WHAT IS REQUIRED:
Look for the line containing "Брокер сможет применить" and the line containing "All genera assigned" in the entries below. Copy those two and all lines between them exactly, leaving out pictures.

╭─ INPUT FOR THIS TASK

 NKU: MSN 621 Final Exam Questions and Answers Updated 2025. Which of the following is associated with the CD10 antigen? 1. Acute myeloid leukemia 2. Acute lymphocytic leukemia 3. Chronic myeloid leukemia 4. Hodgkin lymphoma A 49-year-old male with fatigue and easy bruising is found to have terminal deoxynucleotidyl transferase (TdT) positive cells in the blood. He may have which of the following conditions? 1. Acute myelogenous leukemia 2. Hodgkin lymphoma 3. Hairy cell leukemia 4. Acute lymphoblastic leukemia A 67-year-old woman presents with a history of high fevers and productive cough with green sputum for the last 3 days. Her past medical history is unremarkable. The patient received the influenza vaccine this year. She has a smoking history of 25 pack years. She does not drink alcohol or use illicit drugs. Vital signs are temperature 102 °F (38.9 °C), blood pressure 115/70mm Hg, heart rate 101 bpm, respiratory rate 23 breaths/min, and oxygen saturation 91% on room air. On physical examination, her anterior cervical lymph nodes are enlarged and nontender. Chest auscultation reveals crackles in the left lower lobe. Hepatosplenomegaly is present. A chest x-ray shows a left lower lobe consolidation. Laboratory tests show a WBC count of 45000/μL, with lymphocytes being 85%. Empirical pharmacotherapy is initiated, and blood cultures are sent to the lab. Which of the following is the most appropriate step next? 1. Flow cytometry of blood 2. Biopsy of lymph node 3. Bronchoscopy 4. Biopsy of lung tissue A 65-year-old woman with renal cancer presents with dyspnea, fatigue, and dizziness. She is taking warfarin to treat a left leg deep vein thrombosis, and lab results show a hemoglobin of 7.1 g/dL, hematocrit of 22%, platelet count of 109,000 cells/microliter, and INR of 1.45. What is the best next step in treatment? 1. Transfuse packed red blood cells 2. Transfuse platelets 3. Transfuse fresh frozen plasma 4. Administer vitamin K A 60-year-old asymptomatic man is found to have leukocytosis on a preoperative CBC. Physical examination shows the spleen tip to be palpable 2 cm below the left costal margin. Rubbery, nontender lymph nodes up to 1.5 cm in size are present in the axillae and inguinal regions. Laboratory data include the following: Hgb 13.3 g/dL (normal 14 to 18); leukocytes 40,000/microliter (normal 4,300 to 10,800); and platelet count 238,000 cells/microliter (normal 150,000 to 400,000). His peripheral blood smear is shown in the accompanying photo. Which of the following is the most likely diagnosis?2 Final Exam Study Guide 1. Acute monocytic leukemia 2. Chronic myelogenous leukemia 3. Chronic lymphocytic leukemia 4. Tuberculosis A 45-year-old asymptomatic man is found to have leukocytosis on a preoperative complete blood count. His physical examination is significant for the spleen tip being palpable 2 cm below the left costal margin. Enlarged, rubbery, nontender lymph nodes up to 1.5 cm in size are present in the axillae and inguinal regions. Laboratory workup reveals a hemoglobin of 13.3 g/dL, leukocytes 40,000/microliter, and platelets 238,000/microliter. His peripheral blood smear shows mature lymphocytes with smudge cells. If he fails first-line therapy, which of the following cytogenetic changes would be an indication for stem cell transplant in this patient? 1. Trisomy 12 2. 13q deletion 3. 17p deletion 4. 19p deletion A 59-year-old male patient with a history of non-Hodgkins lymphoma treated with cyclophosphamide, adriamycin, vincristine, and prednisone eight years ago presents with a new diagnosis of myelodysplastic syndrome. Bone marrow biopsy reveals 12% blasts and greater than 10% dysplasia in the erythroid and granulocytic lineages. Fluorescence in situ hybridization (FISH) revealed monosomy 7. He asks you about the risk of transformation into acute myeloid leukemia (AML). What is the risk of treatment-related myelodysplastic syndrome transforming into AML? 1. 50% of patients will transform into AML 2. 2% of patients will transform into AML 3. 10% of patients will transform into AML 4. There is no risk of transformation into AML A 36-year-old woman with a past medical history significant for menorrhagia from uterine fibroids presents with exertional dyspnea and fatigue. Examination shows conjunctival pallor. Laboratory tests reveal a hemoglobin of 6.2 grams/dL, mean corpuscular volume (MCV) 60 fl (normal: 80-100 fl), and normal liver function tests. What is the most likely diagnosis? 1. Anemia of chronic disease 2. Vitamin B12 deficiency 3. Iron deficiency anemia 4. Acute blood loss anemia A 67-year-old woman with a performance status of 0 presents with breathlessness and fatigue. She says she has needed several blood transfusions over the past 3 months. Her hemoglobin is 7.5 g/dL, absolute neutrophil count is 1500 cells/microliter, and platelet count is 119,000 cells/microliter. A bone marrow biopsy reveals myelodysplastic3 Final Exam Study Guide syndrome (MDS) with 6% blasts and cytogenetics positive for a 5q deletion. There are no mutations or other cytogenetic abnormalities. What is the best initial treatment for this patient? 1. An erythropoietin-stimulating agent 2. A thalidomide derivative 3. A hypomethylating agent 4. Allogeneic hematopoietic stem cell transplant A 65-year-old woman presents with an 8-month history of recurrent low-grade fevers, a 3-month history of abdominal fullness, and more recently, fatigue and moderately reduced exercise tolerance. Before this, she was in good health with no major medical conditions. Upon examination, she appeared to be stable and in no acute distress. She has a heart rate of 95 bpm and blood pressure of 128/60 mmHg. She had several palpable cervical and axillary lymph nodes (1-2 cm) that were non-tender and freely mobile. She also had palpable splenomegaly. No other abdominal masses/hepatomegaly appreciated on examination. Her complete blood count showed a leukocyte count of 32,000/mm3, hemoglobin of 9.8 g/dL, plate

╰─
╭─ INPUT FOR THIS TASK

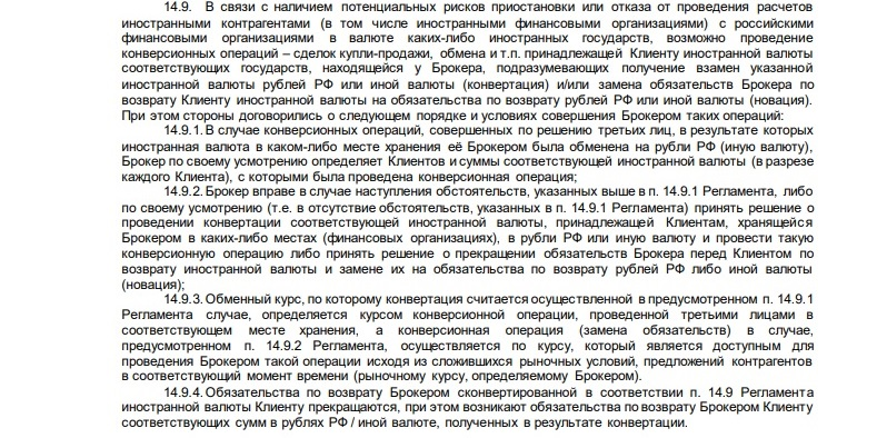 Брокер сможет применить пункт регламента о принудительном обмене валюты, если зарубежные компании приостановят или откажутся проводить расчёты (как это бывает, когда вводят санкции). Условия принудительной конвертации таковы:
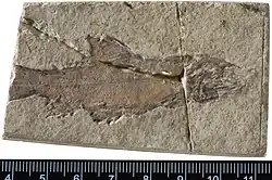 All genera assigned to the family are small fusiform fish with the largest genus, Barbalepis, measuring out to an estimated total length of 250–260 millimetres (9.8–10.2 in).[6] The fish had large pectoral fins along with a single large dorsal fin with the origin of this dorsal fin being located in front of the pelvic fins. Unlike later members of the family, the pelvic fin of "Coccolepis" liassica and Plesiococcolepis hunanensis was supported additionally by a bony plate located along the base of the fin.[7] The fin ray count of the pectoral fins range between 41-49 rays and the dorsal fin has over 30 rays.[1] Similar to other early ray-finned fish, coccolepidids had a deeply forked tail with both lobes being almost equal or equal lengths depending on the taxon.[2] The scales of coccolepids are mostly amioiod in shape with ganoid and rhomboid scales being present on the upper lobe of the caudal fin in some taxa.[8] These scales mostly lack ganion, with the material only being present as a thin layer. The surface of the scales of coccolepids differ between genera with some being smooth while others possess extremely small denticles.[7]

╰─

ANSWER SPACE:
 Брокер сможет применить пункт регламента о принудительном обмене валюты, если зарубежные компании приостановят или откажутся проводить расчёты (как это бывает, когда вводят санкции). Условия принудительной конвертации таковы:
 All genera assigned to the family are small fusiform fish with the largest genus, Barbalepis, measuring out to an estimated total length of 250–260 millimetres (9.8–10.2 in).[6] The fish had large pectoral fins along with a single large dorsal fin with the origin of this dorsal fin being located in front of the pelvic fins. Unlike later members of the family, the pelvic fin of "Coccolepis" liassica and Plesiococcolepis hunanensis was supported additionally by a bony plate located along the base of the fin.[7] The fin ray count of the pectoral fins range between 41-49 rays and the dorsal fin has over 30 rays.[1] Similar to other early ray-finned fish, coccolepidids had a deeply forked tail with both lobes being almost equal or equal lengths depending on the taxon.[2] The scales of coccolepids are mostly amioiod in shape with ganoid and rhomboid scales being present on the upper lobe of the caudal fin in some taxa.[8] These scales mostly lack ganion, with the material only being present as a thin layer. The surface of the scales of coccolepids differ between genera with some being smooth while others possess extremely small denticles.[7]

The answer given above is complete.